Australian Government test fails Registration requirements.
The Australian Government does not intend to register Cylap against RHDV1a-K5 and its use will, therefore, be off label. The reason for this is that the testing undertaken does not pass Veterinary Medicine Registration requirements. (See separate table)
Contradiction by Australian Government.
Although the Australian Government claims Cylap, which is designed to protect against RHDV1, protects against RHDV1a-K5, they refute the scientific claim by another RHDV1 vaccine manufacturer that their Vaccine will cross protect against RHDV1a-K5. 
No vaccine is available for G1/RHDV2.
The European vaccines may protect against RHDV2 but not against the recombinant G1/RHDV2 variant. 

We ask The House of Representatives to:
1) Initiate and facilitate the development of vaccines or a trivalent vaccine for Rabbit Haemorrhagic viruses present and planned to be present in both New Zealand and Australia.
2) Delay the release of RHDV1a-K5 virus in New Zealand until a scientifically, independently peer-reviewed proven vaccine is available tested in accordance with internationally recognized standards. 

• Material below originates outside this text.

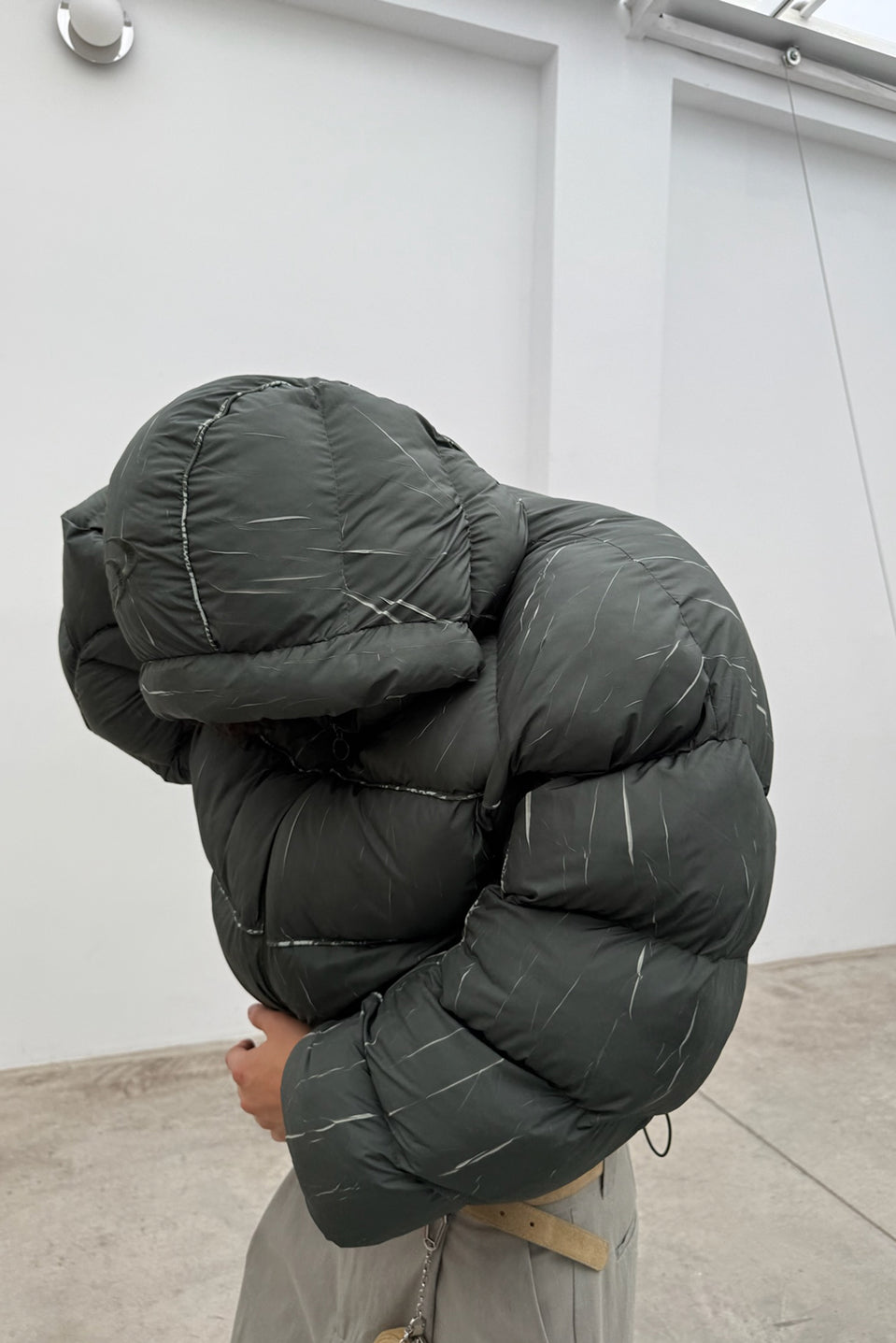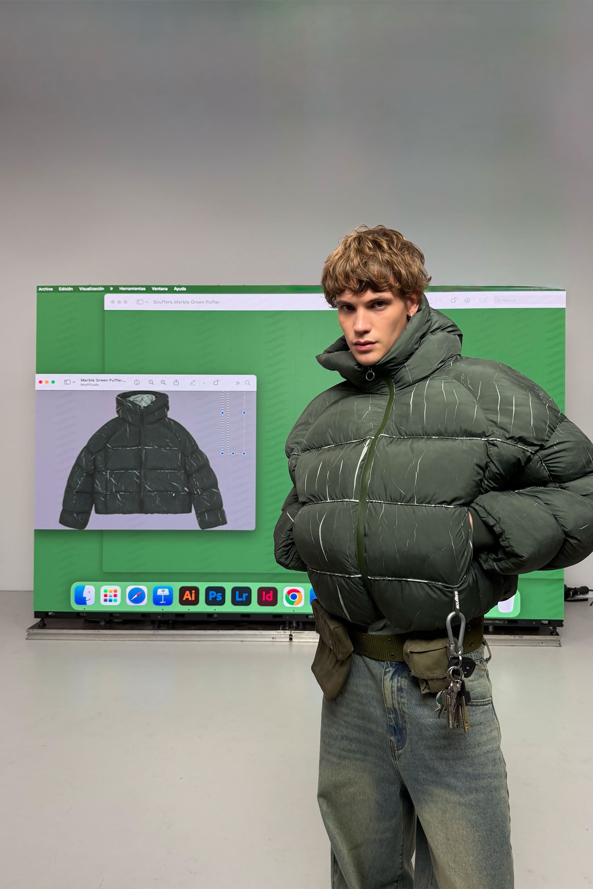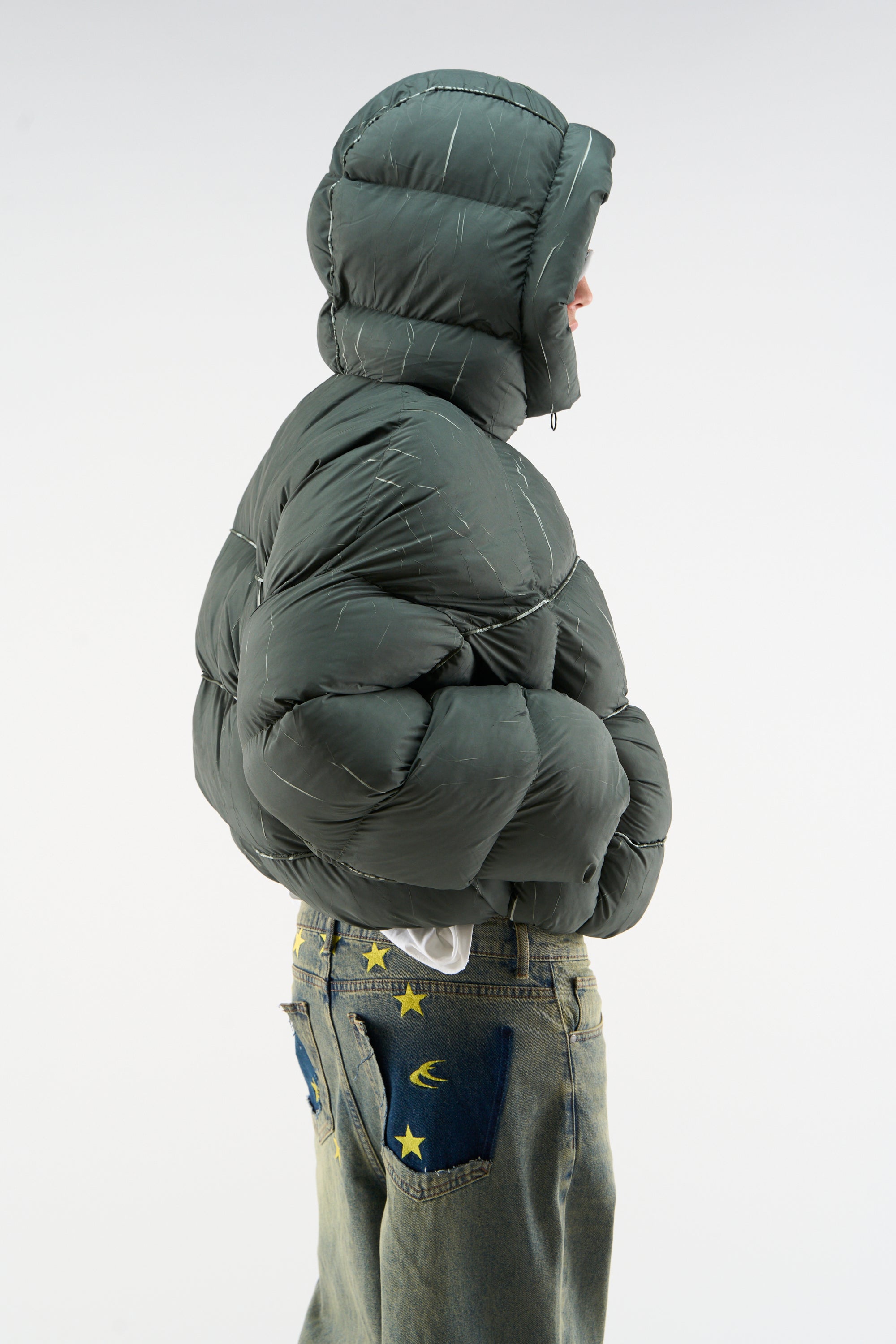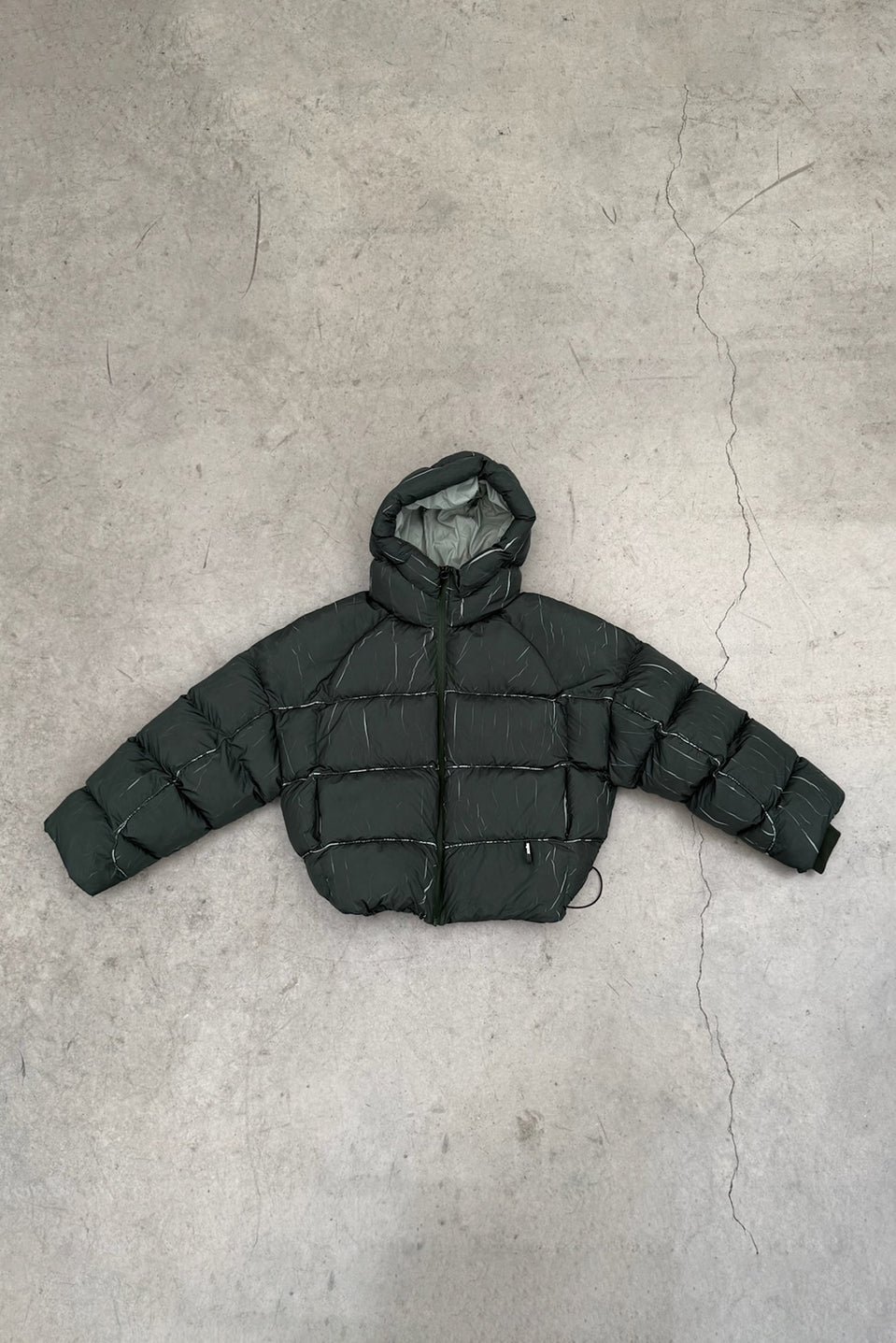 Green Puffer Jacket with a padded synthetic outer and full lining. Features a zip-up front, two side pockets, and a subtle Scuffers logo tag. The hood is built-in, offering extra warmth and protection. The jacket is designed with a relaxed fit and a modern, boxy silhouette. Distinctive streaked pattern across the fabric adds texture and visual interest.

3) Looks to the future cessation of use of the Rabbit Haemorrhagic virus on Animal Welfare grounds in favour of less indiscriminate and more humane methods such as being developed by Senestech in America which has developed a drink that male and female rats love that makes both male and female infertile. This is a much more humane way of controlling feral rabbits populations in problem areas without risking the lives of pet rabbits.